A DataFrame is a two-dimensional data structure, i.e., data is aligned in a tabular fashion in rows and columns. Pandas DataFrame consists of three principal components, the data, rows, and columns.

Pandas DataFrame will be created by loading the datasets from existing MS Excel files, CSV files or SQL Database. Pandas DataFrame can also be created from the lists, dictionaries etc.


## Use Pandas to display the dataset


In [10]:
import pandas as pd

#read excel file
train_data_raw = pd.read_excel("/content/PRO-C114-Text-Sentiment-Dataset/text-emotion-training-dataset.xlsx")

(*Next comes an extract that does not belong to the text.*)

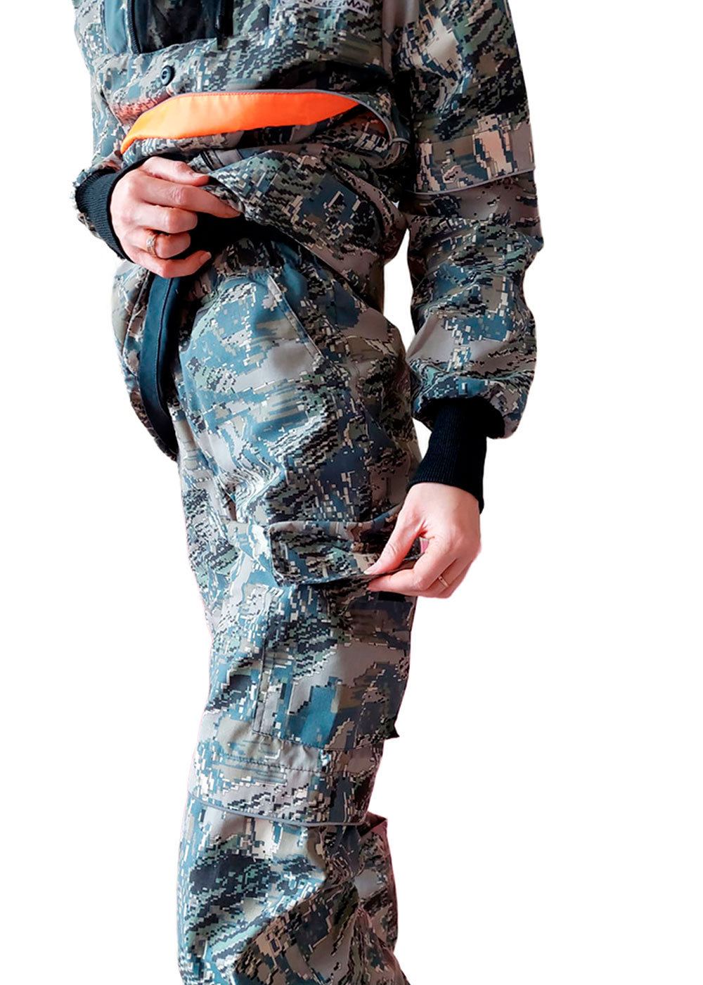 На брюках есть объёмные накладные карманы с клапанами на липучках. На штанинах выше колен также расположены ловушки для клещей. С целью дополнительной защиты от насекомых внизу штанин есть резинки, благодаря которым

#display first five entries of training dataset
train_data_raw.head()

Unnamed: 0,Text_Emotion
0,i didnt feel humiliated;sadness
1,i can go from feeling so hopeless to so damned...
2,im grabbing a minute to post i feel greedy wro...
3,i am ever feeling nostalgic about the fireplac...
4,i am feeling grouchy;anger


## Split the rows in two columns as Text and Emotions

In [8]:
a="hello;world;ikj;wqre"
b=a.split(";",2)
print(b)

['hello', 'world', 'ikj;wqre']


In [13]:
#Split the rows in two columns as Text and Emotions
train_data = pd.DataFrame(train_data_raw["Text_Emotion"].str.split(";",1).tolist(), 
                                                     columns = ['Text','Emotion'])
train_data.head()

Unnamed: 0,Text,Emotion
0,i didnt feel humiliated,sadness
1,i can go from feeling so hopeless to so damned...,sadness
2,im grabbing a minute to post i feel greedy wrong,anger
3,i am ever feeling nostalgic about the fireplac...,love
4,i am feeling grouchy,anger


In [19]:
train_data.head()

Unnamed: 0,Text,Emotion
0,i didnt feel humiliated,4
1,i can go from feeling so hopeless to so damned...,4
2,im grabbing a minute to post i feel greedy wrong,0
3,i am ever feeling nostalgic about the fireplac...,3
4,i am feeling grouchy,0


## Giving labels to Emotions

In [14]:
#Find unique emotions
train_data["Emotion"].unique()

array(['sadness', 'anger', 'love', 'surprise', 'fear', 'joy'],
      dtype=object)

In [17]:
#Create a Dictionary to replace emotions with labels
encode_emotions = {"anger": 0, "fear": 1, "joy": 2, "love": 3, "sadness": 4, "surprise": 5}

In [18]:
train_data.replace(encode_emotions, inplace = True)
train_data.head()

Unnamed: 0,Text,Emotion
0,i didnt feel humiliated,4
1,i can go from feeling so hopeless to so damned...,4
2,im grabbing a minute to post i feel greedy wrong,0
3,i am ever feeling nostalgic about the fireplac...,3
4,i am feeling grouchy,0


## Convert Dataframe to list of dataset

In [20]:
# Convert Dataframe to list of dataset

training_sentences = []
training_labels = []

# append text and emotions in the list using the 'loc' method

for i in range(len(train_data)):
  
  sentence = train_data.loc[i, "Text"]
  training_sentences.append(sentence)

  label = train_data.loc[i, "Emotion"]
  training_labels.append(label)

In [21]:
#Check a random text and label of the list

training_sentences[30], training_labels[30]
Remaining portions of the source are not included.